第58話 再会

さてと。今日も学校か。

梨実ちゃんと握手してみようかな。

いやしてみようかなじゃない。

するんだ。しないと梨実ちゃんがいつどうなるか。

シードさんは狙われているかも知れないんだしな。

そしてそれは梨実ちゃんにとってもピンチなんだ。

だから僕は今日梨実ちゃんと放課後バスケの前に会う約束のメッセージを送った。


そして放課後。


「あ、ノイル君。ごめん待たせた??」


「いや今俺も来たばっかし。」


「はぁ。よかった。」


「それであのさ。話ってのがさ。」


「何??」


「なんか最近梨実ちゃん変わってきてる感じがするんだよね。何か最近おかしな事は無かった??」


「うん。なんかね、夢を毎日見るの。誰かが救いを求めている様な。
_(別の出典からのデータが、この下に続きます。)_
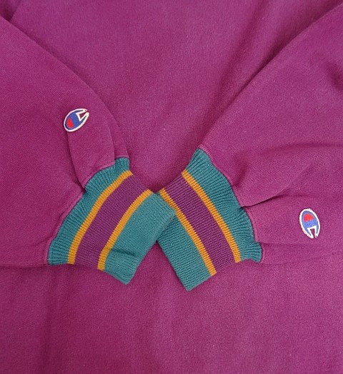 90'S CHAMPION "エラー品両袖目付き" 刺繍タグ リバースウィーブ 目無し 無地 グレープ/リブライン USA製 (VINTAGE)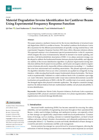 This paper presents a stochastic framework for the inverse identification of structural material degradation (SMD) in cantilever beams. The method combines the Karhunen–Loéve (KL) expansion for the efficient parameterisation of spatially varying material decay with experimental Frequency Response Function (FRF) data within a Bayesian inference scheme. This approach employs a low-dimensional spectral parameterisation via the KL expansion, which mitigates the curse of dimensionality inherent in element-wise model updating, and provides a full-field probabilistic description of SMD. A two-phase constraint strategy was developed to address the fundamental tension between physical plausibility and algorithmic stability of the inverse identification algorithm: (1) physical regularisation during identification stabilises the ill-posed inverse problem, and (2) post-convergence selective regularisation eliminates physically impossible stiffness enhancements (exceeding 1.1 × baseline) that arise from measurement and modelling uncertainties. This phased approach prevents the algorithm distortion that occurs when constraints are applied too stringently during iteration, while ensuring final results respect fundamental physical principles. The framework is experimentally validated on a steel cantilever beam with a symmetric open-edge cut. Laser vibrometry measurements under swept-sine excitation demonstrate successful localisation and quantification of SMD, with the 95% credible interval accurately capturing the damaged region after physical constraint application. The adaptive constraint strategy resolves the delicate balance between mathematical stability and physical plausibility in inverse identification.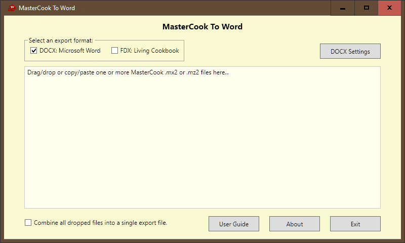 Very easy to use! Simply drag/drop (or copy/paste) as many MasterCook recipe files as you want into the main program window. The recipe files you drop may contain one or more recipes. A Microsoft Word document is created from each dropped file.
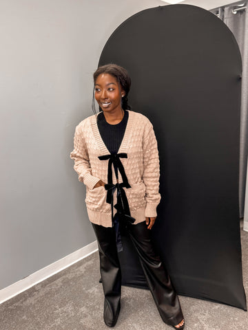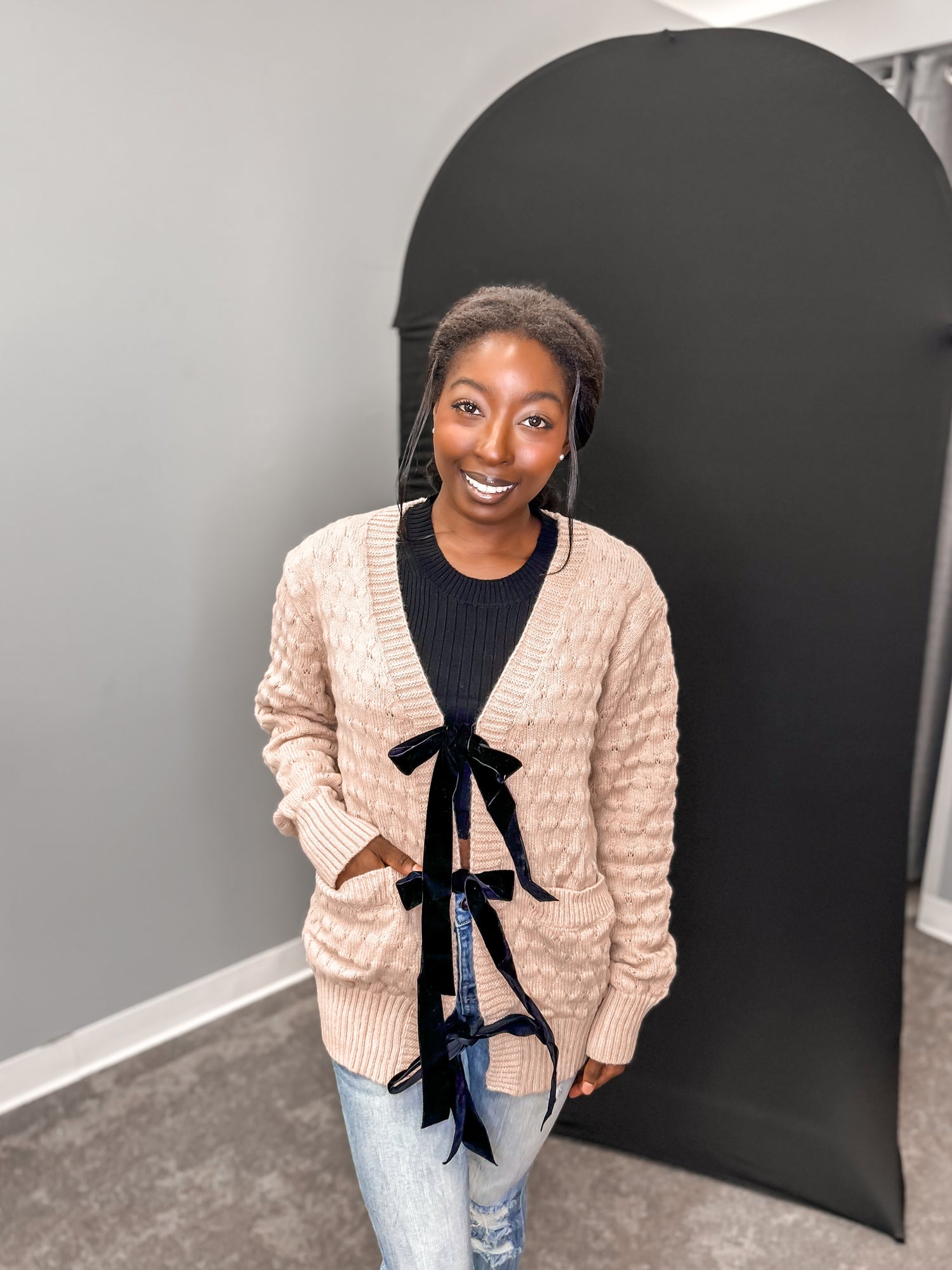 This bubble knit cardigan is the perfect combination of style and comfort. With a charming ribbon bow closure, it adds a touch of playfulness to any outfit. The soft material ensures you'll feel as good as you look. Stay cozy and trendy with this must-have cardigan.

あと、ノイル君が言うように私も何か変わってきてる感じがするんだ。」


「ちょっと確かめたい事があるんだ。大丈夫。僕を信じていいから。」


「どう確かめるの??」


「握手するだけ。」


そう言ってフェルトは手を出した。そして梨実も。


そうして握手をした。

 

すると空間に入った。


そしてフェルトは気づいた。


「おい!!そこにいる魂はシードじゃないのか!?」


「そうよ。フェルト。久しぶりね。」


梨実は初めて知った事で戸惑っていた。


「あの。ノイル君ここは??」


「言いづらいんだけどさ。タパートていうやつらしい。この人達は。」


するとフェルトは自分の考えていた事を口にする。


「ノイルにはすまないが俺は本当の事を言うとシードに肉体をやるためにそのシードが付いている人間に対し完全に魂を宿して俺達は元の世界へ帰ろうと思っていた。だがな、人間1人の命も大事だ。だから俺は別の方法でシードを復活させる。」


そしてシードが語りかけてくる。

 

「もう無理しなくてもいいのよフェルト。あなたには辛い思いばかりさせて。本当にごめんなさい。」


「お前が謝る事じゃない。お前を魂だけにしたやつが俺は許せない。しかもそいつは人間を滅ぼそうとしている筈だ。母上が言っていた。だから守るんだ。お前もこの美しい人間達も。」


「フェルト。」


「ん??なんだ。」


「随分と変わりましたね。」


「そうか...な??」


「きっとそのノイルさんって人に影響したのでしょうね。」


実はタパートは人間に影響を及ぼすだけのパターンだけではなく、逆にタパートが人間から影響をもたらされる事がある。


「とりあえずシード。もう少し話をしたい。もう少しだけいいか??」


「今日は辞めましょう。私のパートナーの梨実さんも疲れているみたいだし。」


「・・・わかった。」


「それじゃあまたね。フェルト。」


そして僕と梨実ちゃんは元の世界へ戻った。